Determining eligibility for family and medical leave (FML) is challenging for employers who paid employees to be idle during spring closures.
To be eligible for FML, an employee must meet all of the following criteria:
- Employed at a site where at least 50 employees work within a 75-mile radius
- Employed by the district for at least 12 months (the 12 months need not be consecutive)
- Worked 1,250 hours in the preceding 12 months
The Department of Labor (DOL) regulations stipulate the 1,250 hours include only those hours actually worked for the employer. This definition is the same as compensable time under the Fair Labor Standards Act (FLSA). Paid leave and unpaid leave are not included. Hence the question “Do hours when an employee was idle but getting paid count as hours worked?”

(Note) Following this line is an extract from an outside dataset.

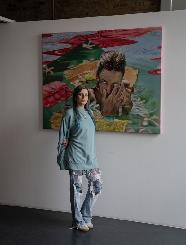 Das Gemälde, das wir für unsere diesjährige Under 30-Kampagne gewählt haben, ist ein Porträt einer Frau, die Bengard in ihren jungen Jahren in Berlin kennenlernte. „Sie ist ein bisschen ein Freigeist“, so Bengard. Was heisst das aus dem Mund einer Künstlerin, die Fetische malt? „Sie packte zwei Koffer, keine grossen, verkaufte alles andere und ging auf Reisen.“ Heute lebt diese Frau mit ihrem Mann und ihren Kindern auf einer Ranch in Nicaragua (durch regenerative Landwirtschaft wollen sie das Land wiederbeleben, betont Bengard), wo die Künstlerin sie vor ein paar Jahren besuchte: „Sie hatte dort einen Pool, und der Pool war kaputt und voller Schmutz und Blätter und Insekten. Es war widerlich. Und sie ist reingesprungen.“ Es machte sich ein Gefühl von Unbehagen in ihr breit, erzählt die Künstlerin über den Moment – also schoss sie ein Foto. Erst Jahre später malte sie die Serie mit ihrer Freundin.
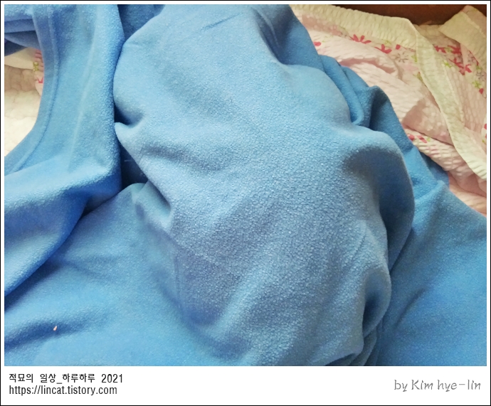 따뜻하게 만들어 놓은 담요에서 나갈 생각1도 없는

Despite the closure, administrators, central office staff, and teachers were working remotely. Other positions such as educational aides and bus drivers were idle or had reduced hours for the remainder of the school year causing their hours worked to be significantly reduced.
The decision on how to count hours for FML eligibility is a local decision. FMLA regulations state the employer has the burden of showing an employee has not worked the required hours to qualify. It would be helpful to check board resolution wording to see if the time being paid was to be idle or was paid leave. If employees being paid to be idle were expected to be available, an employer may choose to include these hours. If an employee was on paid leave, the employer may choose not to count these hours.
As an example, an expectant mother planning on FML in the fall may no longer qualify due to the pandemic. During these unprecedented times, using leniency for calculating employee hours worked is permissible providing it is applied consistently for all employees.